Extracted records below:
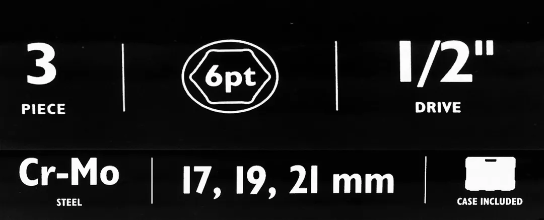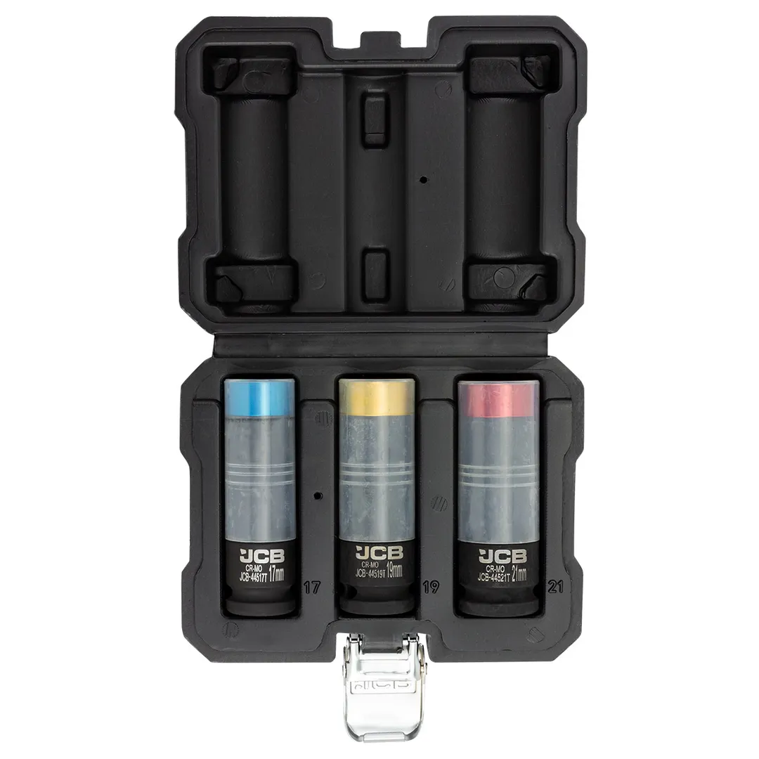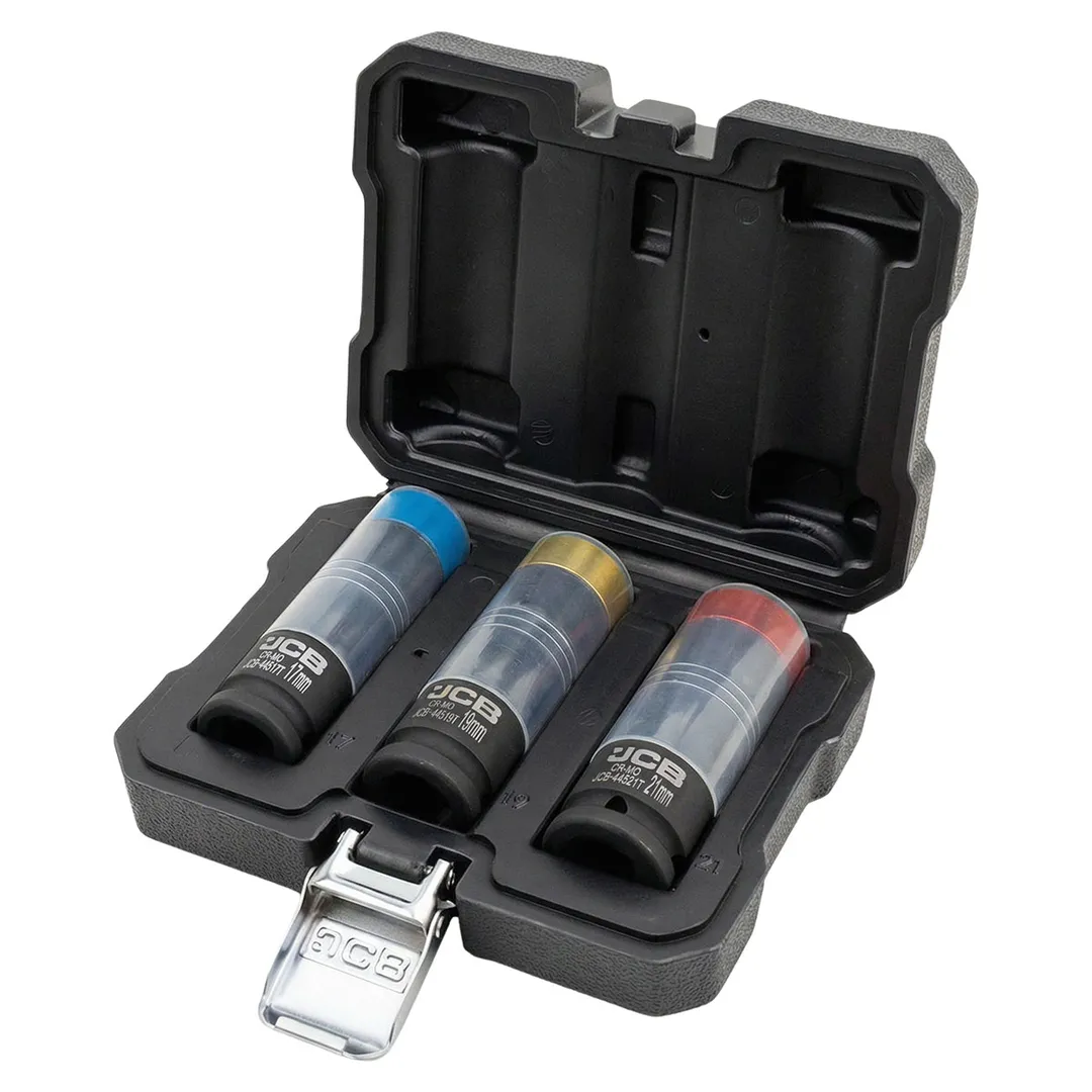 Набор ударных глубоких тонкостенных головок 17, 19, 21 мм в защитном кожухе 3 пр 1/2'' 6-гр JCB JCB-4035
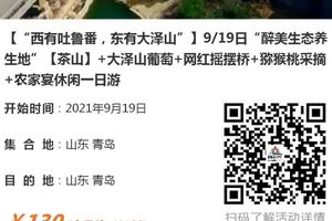 【“西有吐鲁番,东有大泽山”】9/19日“醉美生态养生地”【茶山】+大泽山葡萄+网红摇摆桥+猕猴桃采摘+农家宴休闲一日游 [复制链接]
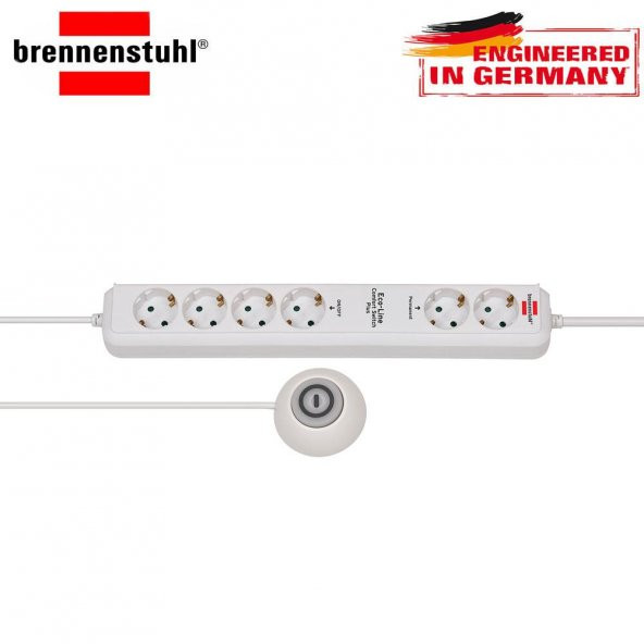 Brennenstuhl Eco-Line Comfort Güvenlik Anahtarlı 6'lı Uzatma Priz
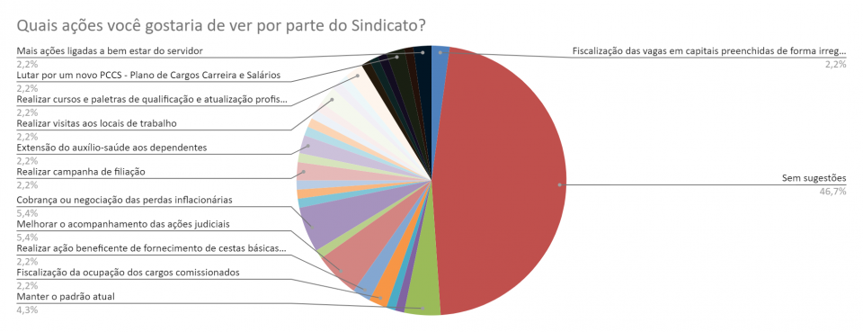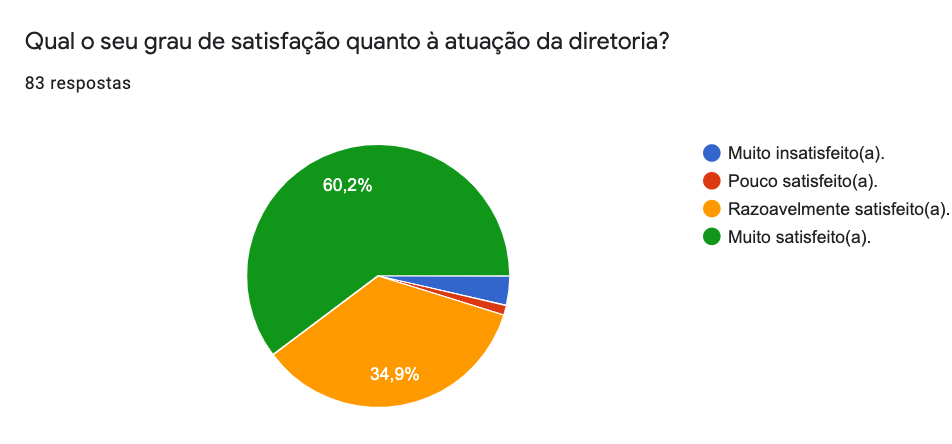 Fizemos perguntas relacionadas à satisfação com a atuação da diretoria, sugestão de ações, satisfação com a comunicação e sugestões para uma comunicação mais transparente. Ao final, sorteamos um vencedor dentre os nomes dos quase 90 servidores participantes para receber o valor de R$ 200,00 – uma forma simbólica de agradecermos a participação de todos.
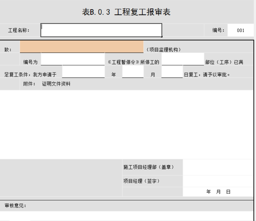 復工報審表,根據(jù)停工的位置進行整改,整改完成后拍照片,交給監(jiān)理審查,確定整改完成后才能復工。
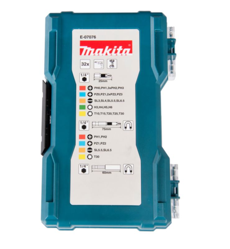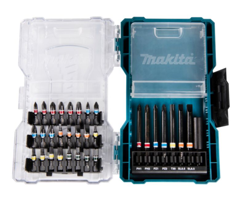 24 x 25mm screw bits - sizes: PZ0, PZ1, PZ2 x 2, PZ3, PH0, PH1, PH2 x 3, PH3, SL0.5x3, SL0.5x4, SL0.8x5.5, SL1.2x6.5, T10, T15, T20, T25, T30, HEX3, HEX4, HEX5 & HEX6;
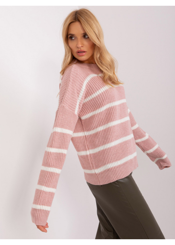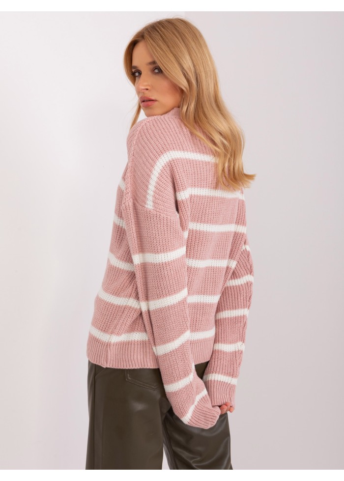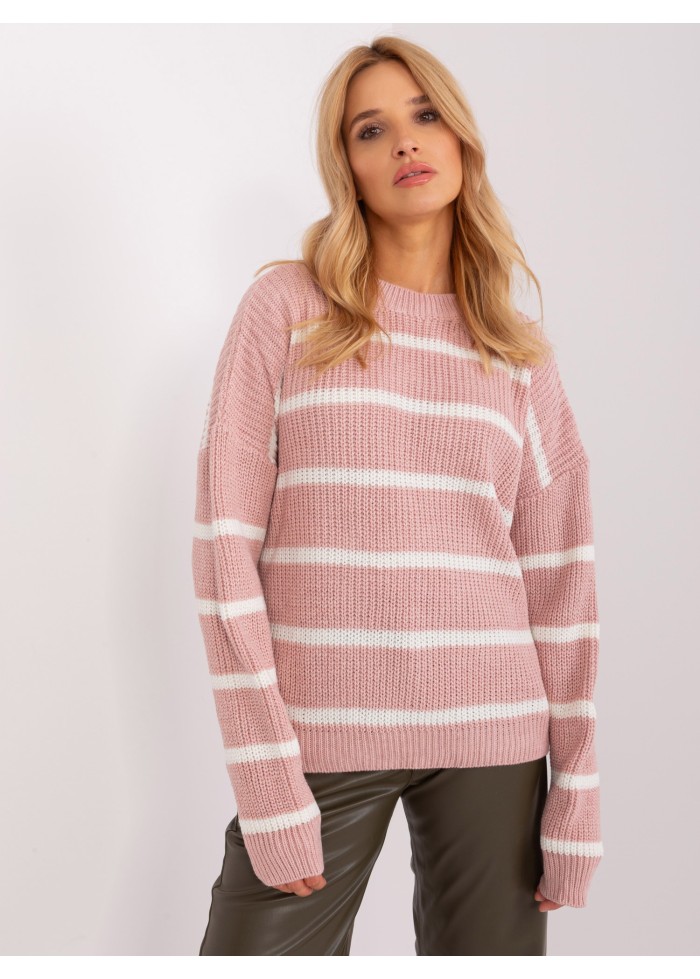 Dámsky pletený sveter, okrúhly výstrih, pruhovaný dizajn, univerzálna veľkosť, miery modelky: výška: 167 cm, prsia: 73 cm, pás: 64 cm, boky: 91 cm, rozmer produktu meraného na plocho:, šírka pod plecami: 65 cm, dĺžka rukáva: 64 cm, celková dĺžka: 59 cm.
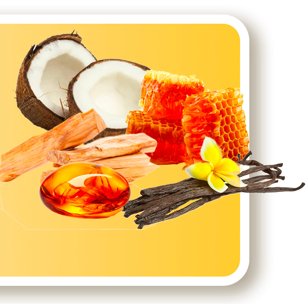 Cocco, Legno di Sandalo, Assoluta di Vaniglia di Thaiti, Legno di Cedro, Ambra, Legno di Guaiaco, Cera d’api
End of Extracted records.
> [Exercise] Would you restate the records above word for word and exclude the pictures?

> [Reply to the task]
 Набор ударных глубоких тонкостенных головок 17, 19, 21 мм в защитном кожухе 3 пр 1/2'' 6-гр JCB JCB-4035
 【“西有吐鲁番,东有大泽山”】9/19日“醉美生态养生地”【茶山】+大泽山葡萄+网红摇摆桥+猕猴桃采摘+农家宴休闲一日游 [复制链接]
 Brennenstuhl Eco-Line Comfort Güvenlik Anahtarlı 6'lı Uzatma Priz
 Fizemos perguntas relacionadas à satisfação com a atuação da diretoria, sugestão de ações, satisfação com a comunicação e sugestões para uma comunicação mais transparente. Ao final, sorteamos um vencedor dentre os nomes dos quase 90 servidores participantes para receber o valor de R$ 200,00 – uma forma simbólica de agradecermos a participação de todos.
 復工報審表,根據(jù)停工的位置進行整改,整改完成后拍照片,交給監(jiān)理審查,確定整改完成后才能復工。
 24 x 25mm screw bits - sizes: PZ0, PZ1, PZ2 x 2, PZ3, PH0, PH1, PH2 x 3, PH3, SL0.5x3, SL0.5x4, SL0.8x5.5, SL1.2x6.5, T10, T15, T20, T25, T30, HEX3, HEX4, HEX5 & HEX6;
 Dámsky pletený sveter, okrúhly výstrih, pruhovaný dizajn, univerzálna veľkosť, miery modelky: výška: 167 cm, prsia: 73 cm, pás: 64 cm, boky: 91 cm, rozmer produktu meraného na plocho:, šírka pod plecami: 65 cm, dĺžka rukáva: 64 cm, celková dĺžka: 59 cm.
 Cocco, Legno di Sandalo, Assoluta di Vaniglia di Thaiti, Legno di Cedro, Ambra, Legno di Guaiaco, Cera d’api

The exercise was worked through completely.